> **Problem details**
For the entries below, print exactly the lines between the line holding "为传承中华茶文化、弘扬中华传" and the line holding "Das Carrera Hybrid", inclusive, and nothing else.

> **Supplied information**
====

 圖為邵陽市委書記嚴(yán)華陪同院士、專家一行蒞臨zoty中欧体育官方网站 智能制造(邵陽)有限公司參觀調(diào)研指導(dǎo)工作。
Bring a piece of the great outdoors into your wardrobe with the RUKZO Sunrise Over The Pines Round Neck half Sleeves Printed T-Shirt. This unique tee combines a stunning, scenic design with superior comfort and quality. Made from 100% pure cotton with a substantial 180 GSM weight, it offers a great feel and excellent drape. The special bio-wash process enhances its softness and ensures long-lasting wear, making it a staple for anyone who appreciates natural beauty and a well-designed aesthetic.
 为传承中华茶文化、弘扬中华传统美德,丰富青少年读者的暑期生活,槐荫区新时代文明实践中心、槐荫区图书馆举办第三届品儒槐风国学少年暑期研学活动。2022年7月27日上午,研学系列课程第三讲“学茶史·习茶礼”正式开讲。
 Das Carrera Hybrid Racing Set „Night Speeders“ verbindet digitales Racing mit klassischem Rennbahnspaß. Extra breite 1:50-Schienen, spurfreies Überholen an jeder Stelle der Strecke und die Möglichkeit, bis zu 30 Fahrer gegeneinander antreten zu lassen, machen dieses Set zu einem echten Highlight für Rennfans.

====

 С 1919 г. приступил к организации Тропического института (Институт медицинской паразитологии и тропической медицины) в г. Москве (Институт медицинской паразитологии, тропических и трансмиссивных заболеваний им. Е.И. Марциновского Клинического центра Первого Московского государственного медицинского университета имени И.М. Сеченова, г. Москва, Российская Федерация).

====

> **Written solution**
 为传承中华茶文化、弘扬中华传统美德,丰富青少年读者的暑期生活,槐荫区新时代文明实践中心、槐荫区图书馆举办第三届品儒槐风国学少年暑期研学活动。2022年7月27日上午,研学系列课程第三讲“学茶史·习茶礼”正式开讲。
 Das Carrera Hybrid Racing Set „Night Speeders“ verbindet digitales Racing mit klassischem Rennbahnspaß. Extra breite 1:50-Schienen, spurfreies Überholen an jeder Stelle der Strecke und die Möglichkeit, bis zu 30 Fahrer gegeneinander antreten zu lassen, machen dieses Set zu einem echten Highlight für Rennfans.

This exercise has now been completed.